==== Study material

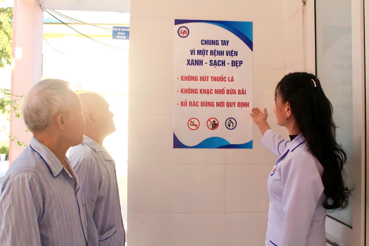 Nhân viên y tế Bệnh viện tuyên truyền đến người bệnh quy định không hút thuốc lá trong bệnh viện.
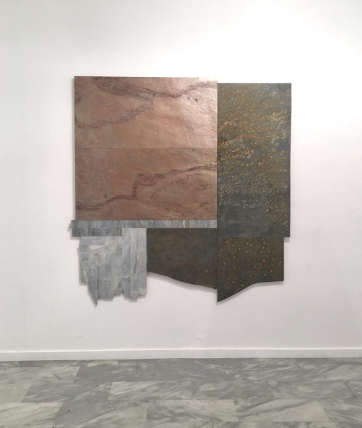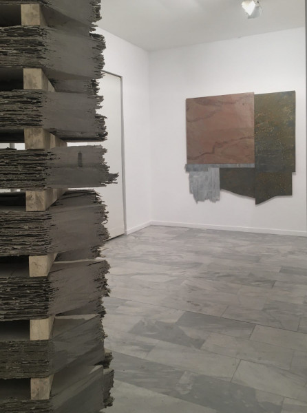 Στο κεντρικό γλυπτό της έκθεσης τον απασχολεί το θέμα της στερέωσης, όπως αυτή εκφράζεται από την προσεκτική σύνδεση μεταξύ χαρτονιού και μαρμάρου. Πρόκειται για μια κατασκευή που βασίζεται στην αλληλεξάρτηση των υλικών και δοκιμάζει τις αντοχές τους· θα μπορούσε να επεκταθεί καθ’ ύψος, έως ότου καταρρεύσει.
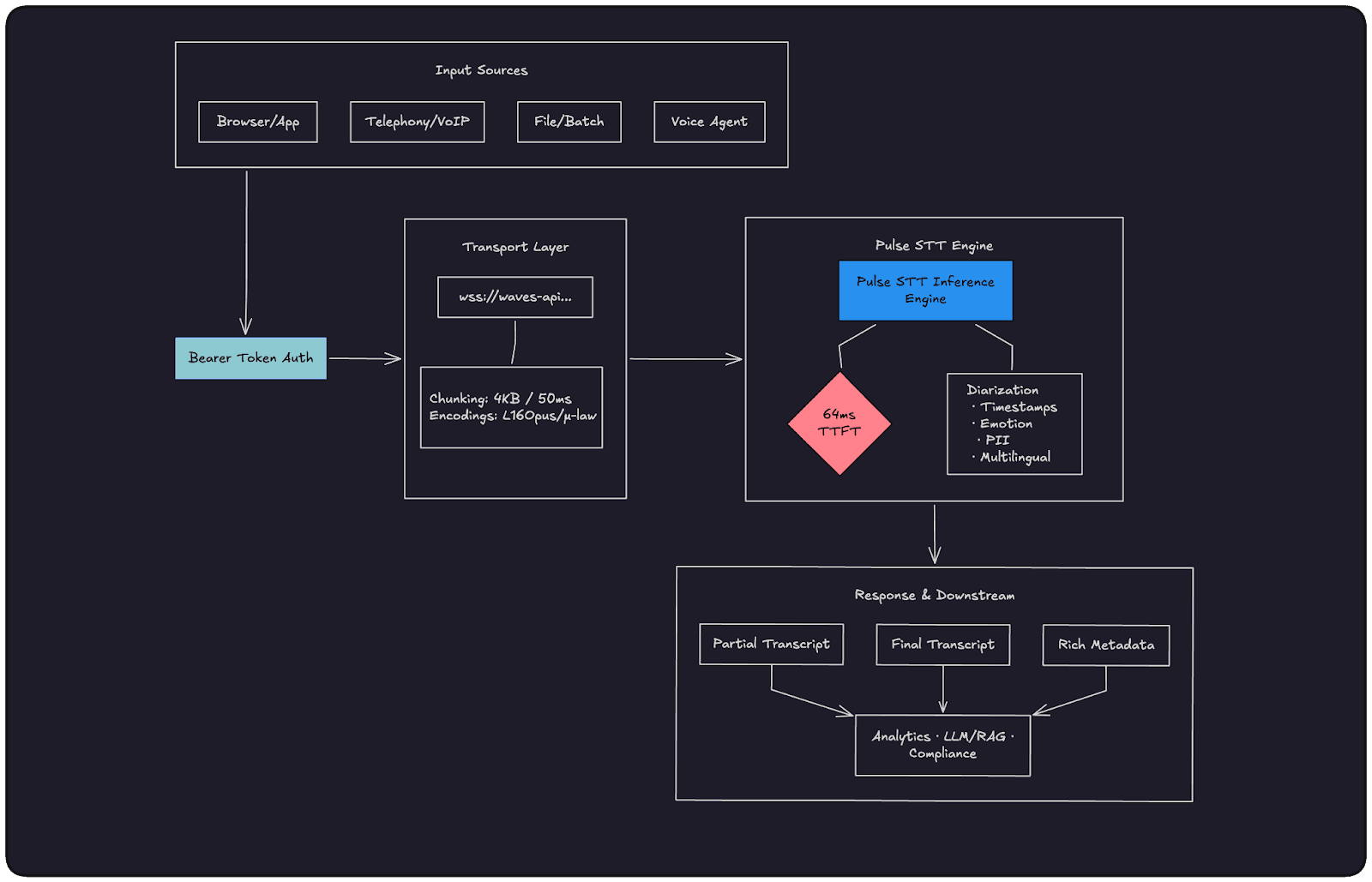 The Waves Pulse STT API was built with all of these constraints in mind. The rest of this guide walks through exactly how to integrate it, with real code, so you can validate these claims against your own workloads.
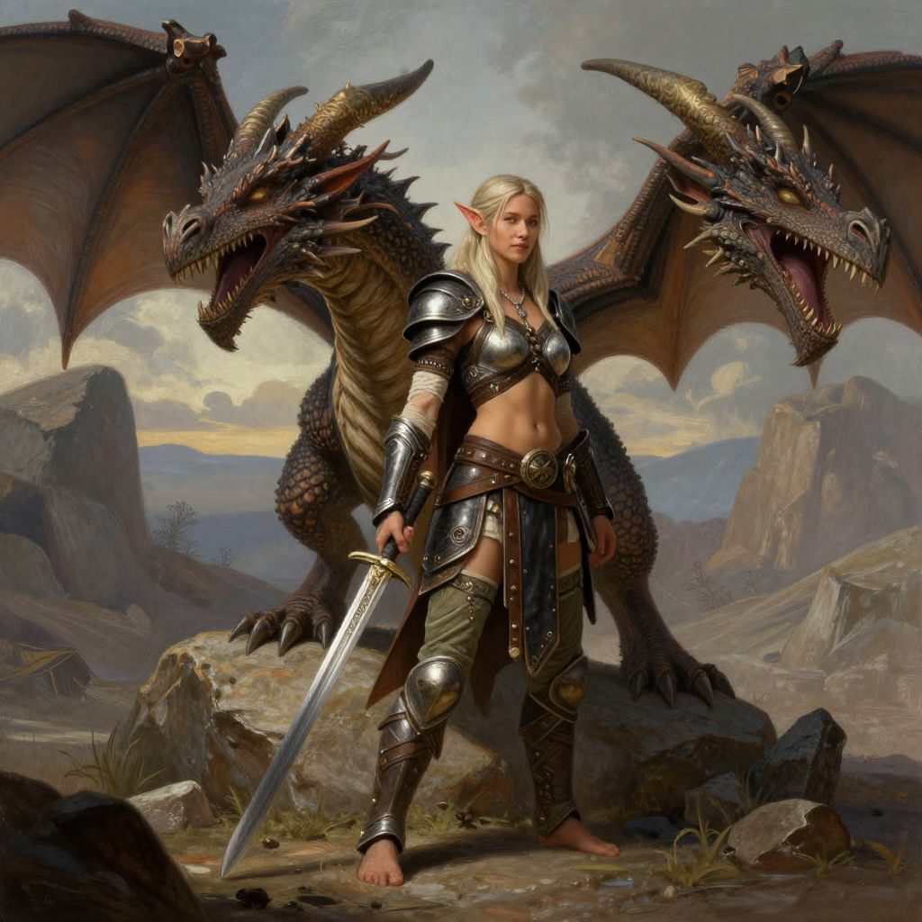 Digital fantasy artwork of a blonde, armored elf with pointed ears, standing confidently with a sword, flanked by two black dragons in a rocky, mountain
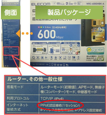 ※製品パッケージ側面の【ルーター、その他一般仕様】にある【インターネット接続方式】の記載が、
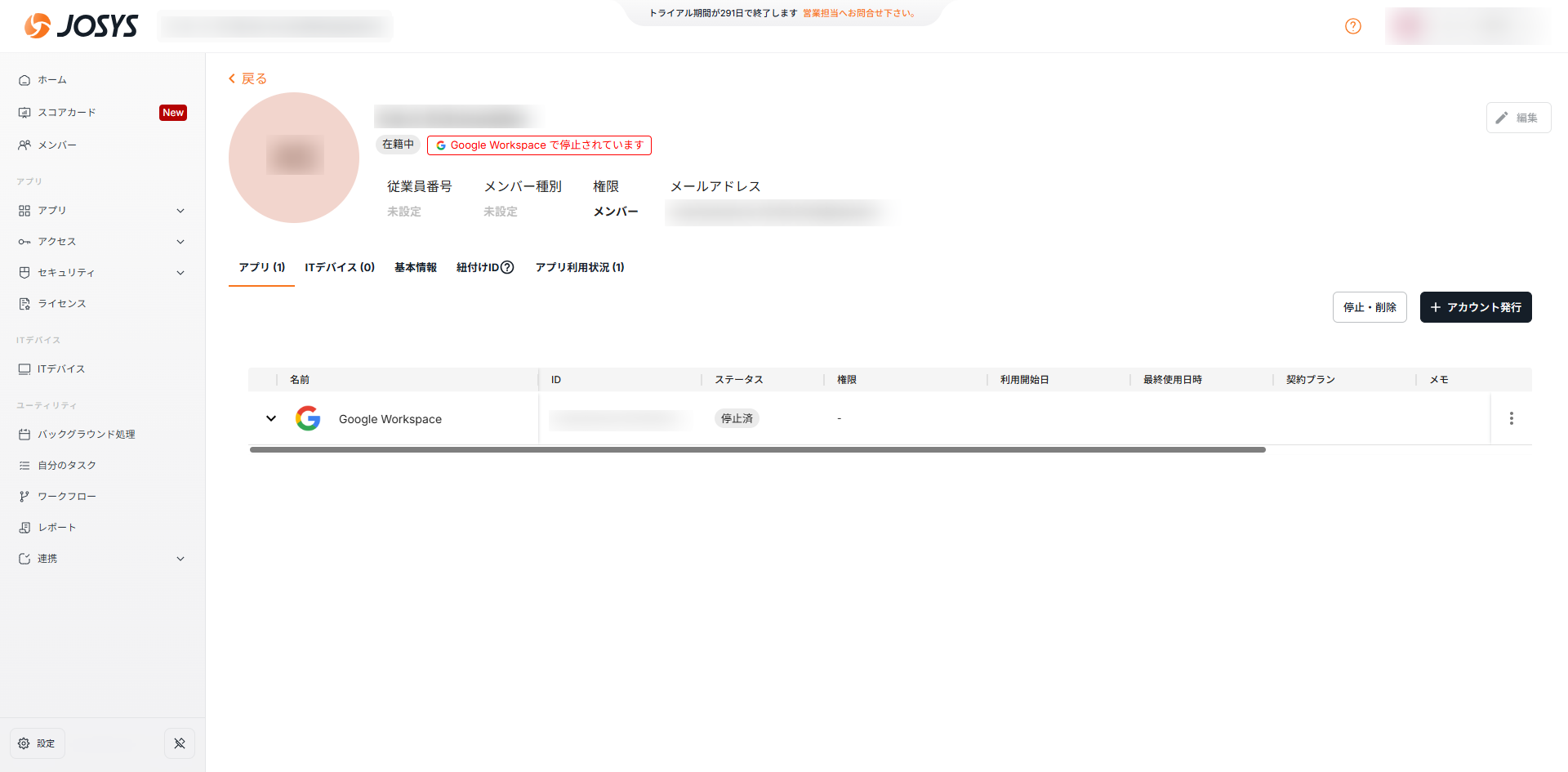 連携しているアプリによっては、Josysから削除/停止ができません。その場合は各アプリ/SaaS側にアクセスして削除・停止を行ってください。
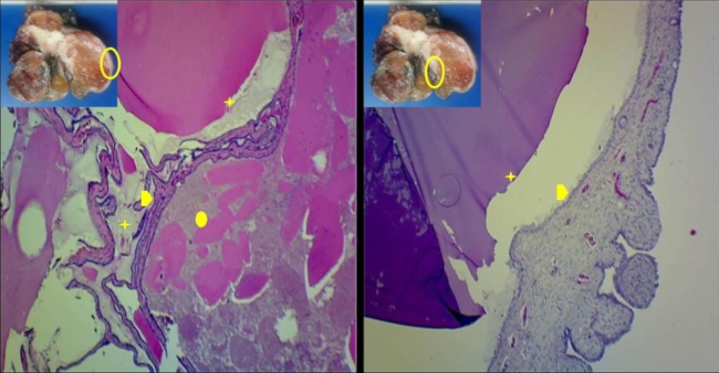 Microscopía. Tinción H-E x4. Proliferación tumoral constituida por múltiples formaciones quísticas y glandulares (estrella), tapizadas por pocas capas de células epiteliales cúbicas o cilíndricas (cabeza de flecha) y cantidad variable de estroma (círculo).
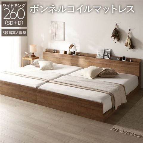 ベッド ワイドキング 260 SD+D ボンネルコイルマットレス付 シャビーオーク 連結 高さ調整可 宮付 すのこ 【同梱不可】【代引不可】[▲][TP]
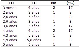 El 50 % de los niños fueron del sexo femenino, y el 50 % del sexo masculino. Se identificó coincidencia entre la ED y la EC en 2 niños (17 %), el resto se encontraron por debajo de su EC (83 %). (Tabla 2).
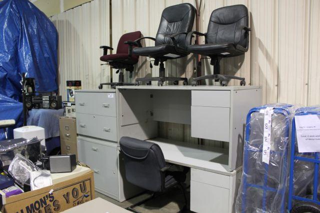 LOT OF GREY OFFICE FURNITURE CHAIRS & FILE CABINET
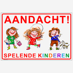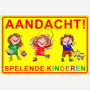 Aandacht! TRAAG RIJDEN Spelende kinderen, rood-gele achtergrond
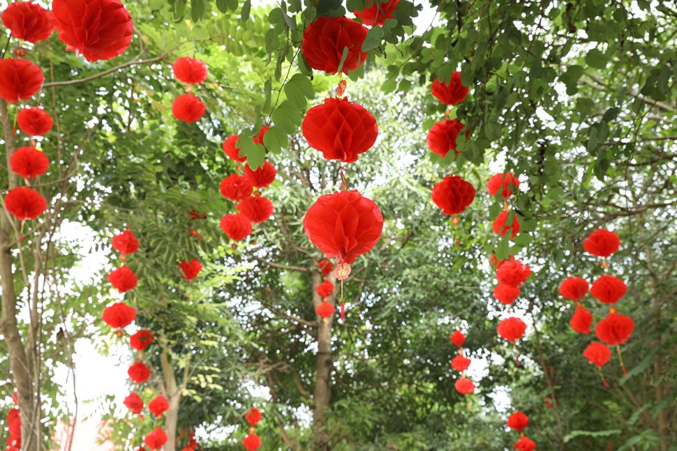她們淹沒在紅色燈籠海洋中

========

> [To do] Reproduce exactly the lines from the one with "Aandacht! TRAAG RIJDEN" to the bottom of the listing, both ends included, and nothing else. Skip the pictures.

> [Response box]
 Aandacht! TRAAG RIJDEN Spelende kinderen, rood-gele achtergrond
她們淹沒在紅色燈籠海洋中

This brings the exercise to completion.